Mumsnet has not checked the qualifications of anyone posting here. If you need help urgently or expert advice, please see our domestic violence webguide and/or relationships webguide. Many Mumsnetters experiencing domestic abuse have found this thread helpful: Listen up, everybody

Anyone finding their feet after marriage ended?

643 replies

Chocolatepencil · 05/10/2022 10:41

Hello, just thought I’d see if anyone is still relatively new in finding their feet after their marriage ended?

The separation from him was fairly easy to deal with as it had got toxic but the breakdown of my family unit is something I’ve struggled with - although getting there - and looking forward to Christmas!

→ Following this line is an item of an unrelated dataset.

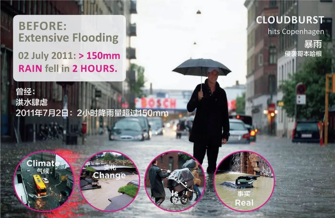 2010年8月與2011年8月,哥本哈根市在兩年內(nèi)接連遭受了三次毀滅性的暴雨襲擊。從統(tǒng)計數(shù)據(jù)看,三次暴雨均為百年一遇的極端降水事件,盡管理論上它們在12個月內(nèi)連續(xù)發(fā)生的概率極低。然而,統(tǒng)計數(shù)據(jù)是一回事,現(xiàn)實卻是另一回事。這些暴雨災(zāi)害也許正是氣候變化為現(xiàn)代城市敲響的警鐘。在這些暴雨事件中,哥本哈根不可計數(shù)的高速公路、主干道、列車軌道和其他基礎(chǔ)設(shè)施被淹沒在洪水中,同樣被淹的還有大量的商店與住宅。這三次特大暴雨所造成的經(jīng)濟(jì)損失累計達(dá)到80億元人民幣。

Any one care to join a thread about it? ☕

OP posts:
ThePredictableScript · 22/12/2022 12:09

@Always4Brenner its great how strong, happy and determined you are feeling.. like others have said its common for men to react like this, they get so used to you being a doormat that when you up and leave they get a shock, men don't believe a woman will leave, why would she as she hasn't left so far. Definitely turn off your phone or block or buy a burner phone thats just for him and put it in a drawer. Don't let him have any control over you now or else you might as well still be in that relationship with him. I'm so happy you're happy 😊
My stbx has finally got a place, well his parents sorted it all for him of course. Found out last night and spiralled a bit, went on a 10pm walk to calm me. Cried a bit and feel very down today which is a shame at xmas half term but better days are coming. I have to go through this to be free and get to the other side. Trauma bonds and attachment issues are strong though.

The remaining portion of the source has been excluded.